Before moving to Step two — choosing a day of the week — make sure you sort out the paperwork. In December 2017, the Australian government introduced the Notice of Intended Marriage form, which must be filled and given to your celebrant at least a month (but no longer than 18 months) before your wedding day.

Do this early so that the slow-moving wheels of bureaucracy don’t get in the way of your soon-to-be wedded bliss.

Pick a day of the week, limiting yourself to Monday through Thursday

Now that the paperwork is filled out, it’s time to choose a date! Make sure that it doesn’t fall on the weekend, because venues and restaurants tend to be booked up well in advance for weekends.

Instead, throw your wedding on a Tuesday or Wednesday evening, and you’ll have the pick of the town. Doing our wedding on the Wednesday after Christmas meant I was able to easily book a salon session (still have to have fairy-tale hair even if it’s not a fairy-tale wedding) and a restaurant for the reception.

Choose a spot

Does your city have a beach, a beautiful park, a quaint river bridge, a majestic hiking trail, a cool overlook, or a photogenic monument? (If it has none of those things, maybe you should move.) Because your wedding is only three weeks away, you can actually rely on the weather forecast and choose a day when the weather looks like it’s going to be good.

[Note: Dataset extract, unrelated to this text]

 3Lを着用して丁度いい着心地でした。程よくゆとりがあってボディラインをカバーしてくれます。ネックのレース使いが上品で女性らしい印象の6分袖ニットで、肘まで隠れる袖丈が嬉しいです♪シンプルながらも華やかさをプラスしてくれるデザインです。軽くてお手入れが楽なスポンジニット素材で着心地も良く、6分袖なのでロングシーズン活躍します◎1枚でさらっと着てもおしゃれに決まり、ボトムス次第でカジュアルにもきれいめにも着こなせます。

Send out an email to a small number of guests

One of the advantages of a quickly planned wedding is that you don’t have to invite a shitload of people and you don’t have to send out expensive invitations in the mail or make a special website. There isn’t time! You just send out an email, letting people know it’s happening (or not, if you want to do a variation on this: the surprise three-week-wedding).

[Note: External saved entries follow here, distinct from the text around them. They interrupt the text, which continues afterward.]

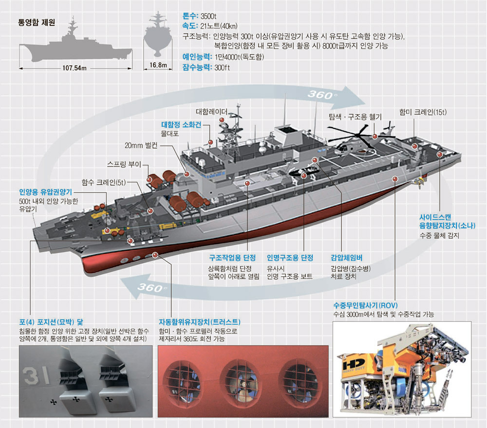 - 통영함·광양함: 침몰함 인양·소화·예인·항만 장애물 제거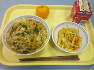 まごめみそラーメン、こんにゃくとあぶらあげのあえもの、くだもの(みかん)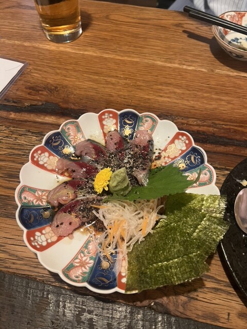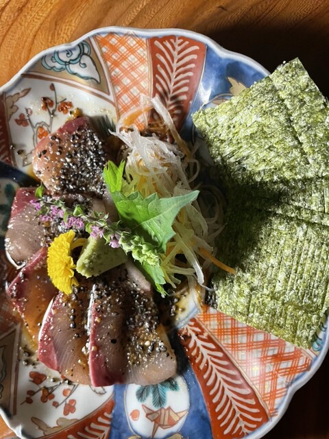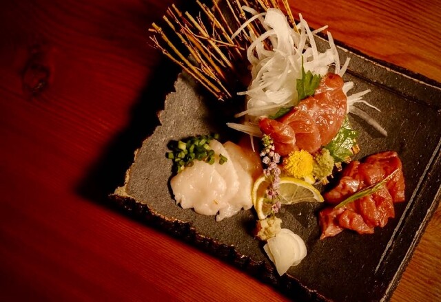古民家を改装した店内は、木の温もりを感じられる落ち着いた雰囲気。コの字カウンターや掘りごたつ、テラス席や個室など多彩な空間が用意されており、仕事帰りの一杯からデートまで幅広く使える万能居酒屋。

Your closest family members will be there, along with any close friends who are in town. You don’t have to worry about inviting all your colleagues, or the college friends you only keep up with on Facebook, or every single member of your distant bloodline, including that third cousin who you haven’t seen since you were six.

Plus, we live in the modern age: take advantage. We invited the friends and extended family who couldn’t be there in person to join us via Google Hang-out for a toast at the reception. It all worked out well and having fewer people in real live attendance means fewer plated dinners and more money to spend on the rest of your lives together. And hey, spending less on your wedding means you’re less likely to get divorced. Yay!

Just don’t

Bridesmaids and groomsmen: Fuck that. The origins of the wedding party are grotesque.

Don’t go crazy over the things people usually go crazy over

Get a wedding cake if you must. But because you’ll likely only have 20 or so people coming, you’ll only need a small one, and can ask your favourite neighbourhood baker to whip something up for you.

As for decorations, tap your craftiest friend or relative to take care of it. Part of the ethos of the three week wedding is to accept any help offered. It’s amazing what a creative person can do with candles and a few pretty bowls filled with water and floating flowers.

And as for a professional photographer and videographer, just make sure to invite at least one person with an iPhone X and a habit of posting beautiful Instagrams. You do not need 1000 photos from your BIG DAY and you do not need a wedding day video. Those videos never get watched, except by people who wind up divorcing and then it is bitterly while rage-crying, swearing and drinking copious amounts of wine.

Don’t fret

The best part of planning a three-week wedding is that, despite what you might think, it is not stressful at all. It’s more like planning a small dinner party than an awards ceremony. People’s expectations are low because you planned this in such a short amount of time. You don’t have hundreds of people attending that make everything complicated and expensive.

And you don’t have a ton of decisions to make, because you don’t have a year in advance to worry about every single detail of the day. That means you and your soon-to-be-legally-bound partner won’t have a million things about which to argue during the very long lead-up to your wedding.

So if you’re not married already, please consider this. And if you take my advice, don’t worry, I definitely don’t expect a “thank you”. The last bonus of the three week wedding: no gift registry and thus no thank you notes.